A few weeks have passed since Founder’s Walk, but recently I’ve been reminded of something Chancellor Zeppos said during his speech at the walk. Chancellor Zeppos exhorted us to “stop and smell the roses” during our time here. I’ve been thinking about that a lot, because there’s always so much going on at Vandy. Walking to class, I see tents being set up and taken down, stages assembled and tables decorated; the campus is always alive.

I get about five emails a day notifying me about various fairs, lectures, screenings, events, immersion workshops and Dean’s dinners that are happening. Although it’s sometimes tempting to ignore those emails or scroll through so fast that you don’t have time to really process what you’re reading, I think taking the time to be informed about the various events at Vandy is valuable.

Many of us talked about how if we were accepted to ___ college, we would be sure to take advantage of all the resources on campus, give back to our community, etc.. However, now that we’re actually here, I think the tempting tendency is to be a bit lazy; instead of taking advantage of the unique opportunities around campus, many of us have let them pass by. I’m not saying that students should prioritize going to random campus events over schoolwork or looking after their personal well-being. Rather, I think that college is a really valuable time and offers unique ways in which we can all continue to learn outside the classroom and broaden our horizons. These opportunities should not be overlooked or taken lightly.

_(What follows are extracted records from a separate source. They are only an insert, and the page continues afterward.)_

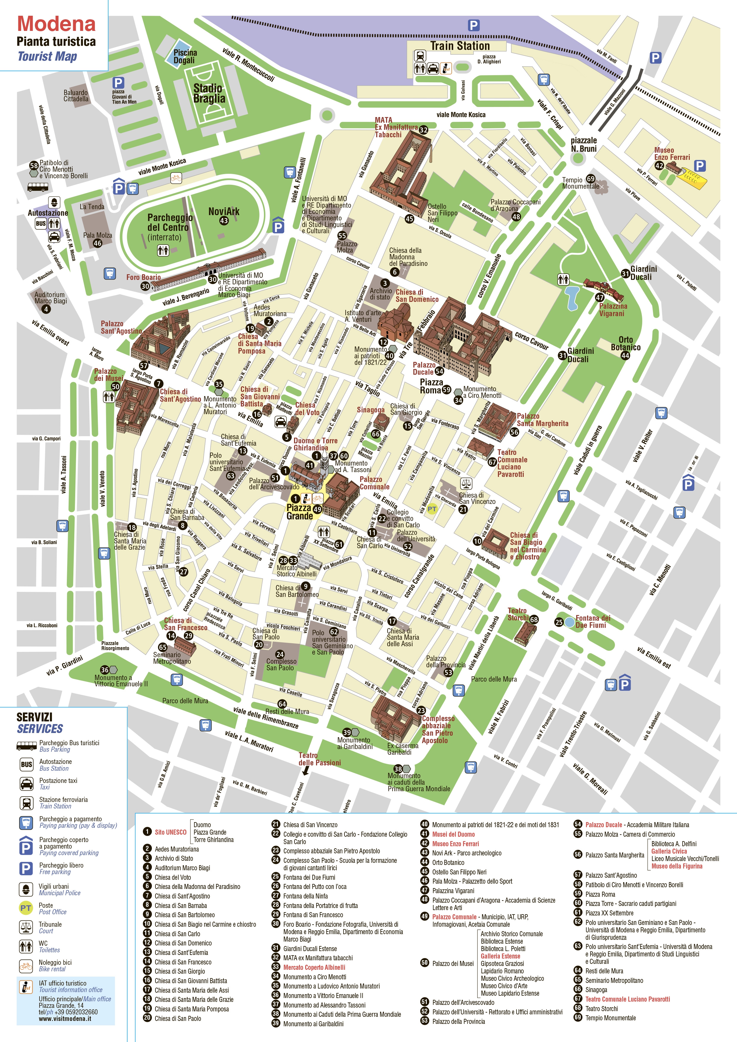 Як дістатися: Модена знаходиться в центрі Італії, є залізничний і автовокзали. Через Модену також проходить головний автобан Італії A1. Найближчий аеропорт у Болоньї (40 км).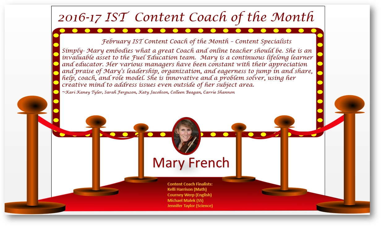 Last year I was awarded teacher and content coach of the month. This was a big honor as I was selected from a pool of 600 teachers.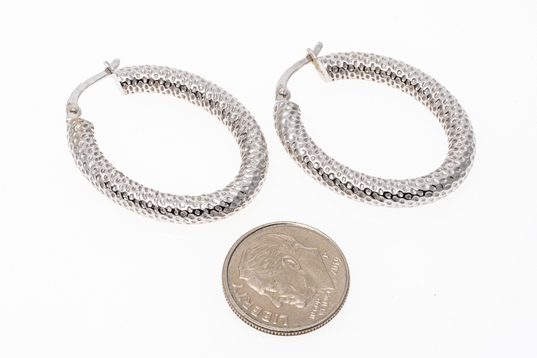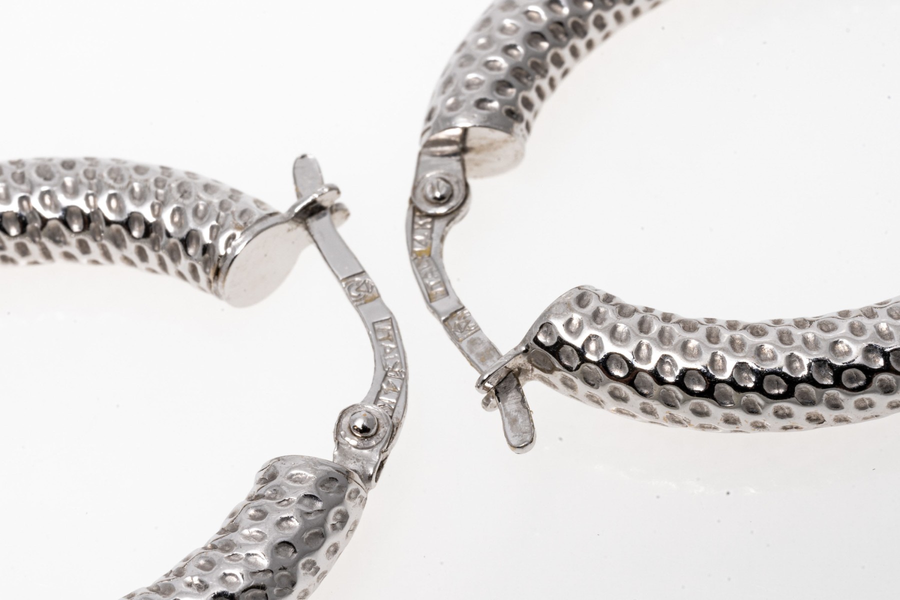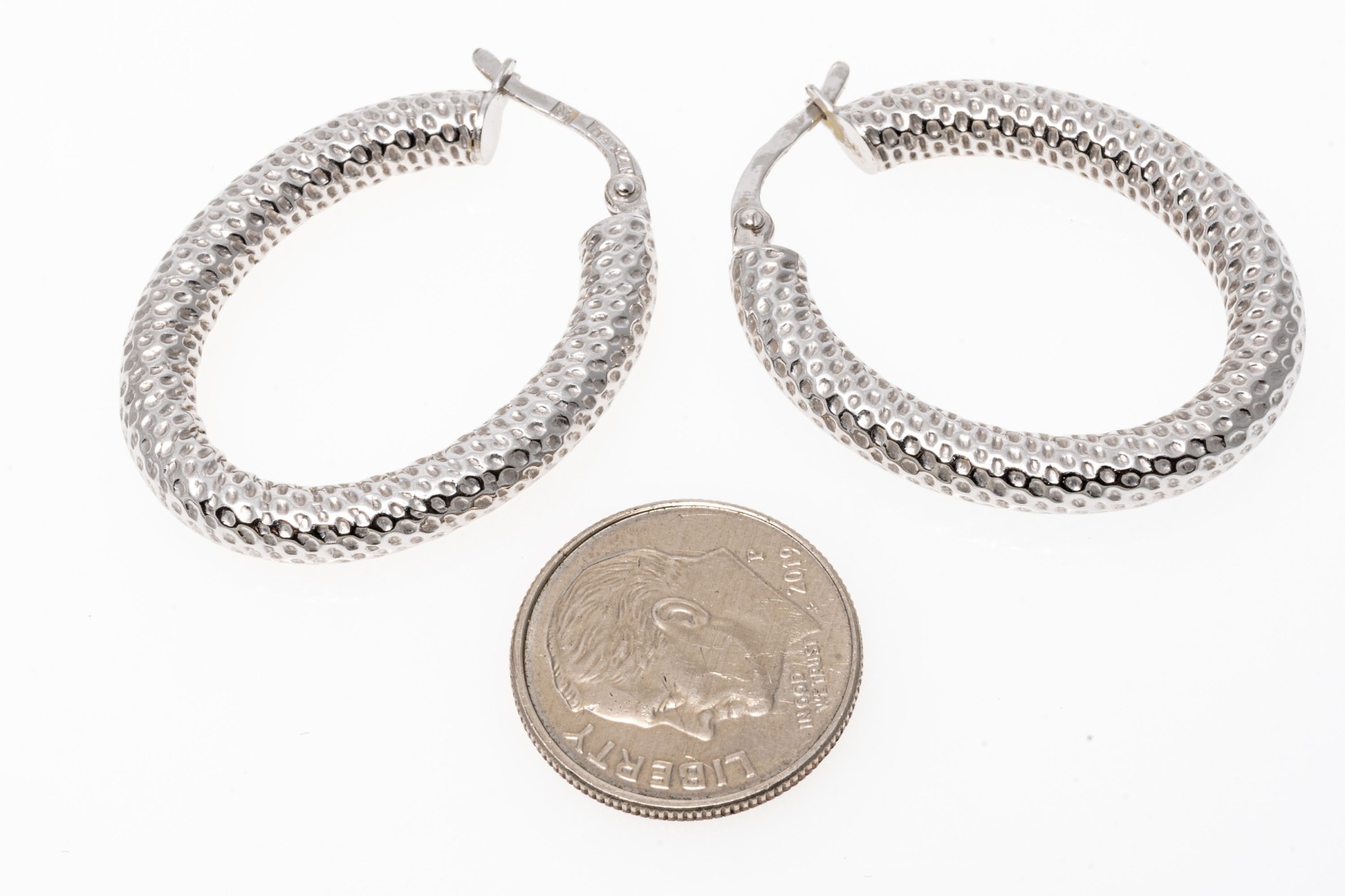 Bright polished 14K white gold elongated hoop earrings. The earrings have a dimpled appearance. Leaver post backings.

By simply being Vandy students, we are exposed to a wealth of information and opportunities others can only dream about. A few weeks ago, I attended the first Chancellor’s lecture for the year featuring General Hayden, who is a former CIA and National Security Agency director. General Hayden discussed the current political climate and what implications it has for U.S. national security and information relationships with other countries. What he talked about could help us every day citizens gain insight into the importance of obtaining intelligence in the current political climate. Although this was one of the larger lectures here, there are also smaller scale discussions, seminars and lectures that are held by organizations or offices on campus. For example, I attended an interesting discussion style talk about artificial intelligence hosted by a student organization dedicated to learning more about AI, and three computer science professors. The opportunity to engage with peers and professors about relevant topics in a relaxed setting that is accessible is a really special part of college I think we should all take advantage of. Next week, Anita Hill will be speaking as well. By attending events such as these that center on interesting, relevant topics, students can become more informed about these issues, and also learn directly from renowned professionals. In an era where there is an overabundance of information, obtaining information about issues directly from experienced and credible professionals can be extremely helpful and of high educational value.

Part of what makes the undergraduate experience so special is this ability to “stop and smell the roses;” there are very few other times in life when we will have the freedom, resources and time to explore and learn, just for fun. Taking advantage of opportunities to learn about topics of interest on campus is a major way we can ensure college does not merely pass us by. I don’t think any of us want to look back on our time here and wish we spent our time differently, or more wisely. That’s why jumping right in and intentionally choosing to smell every rose you can is something we should all strive to do.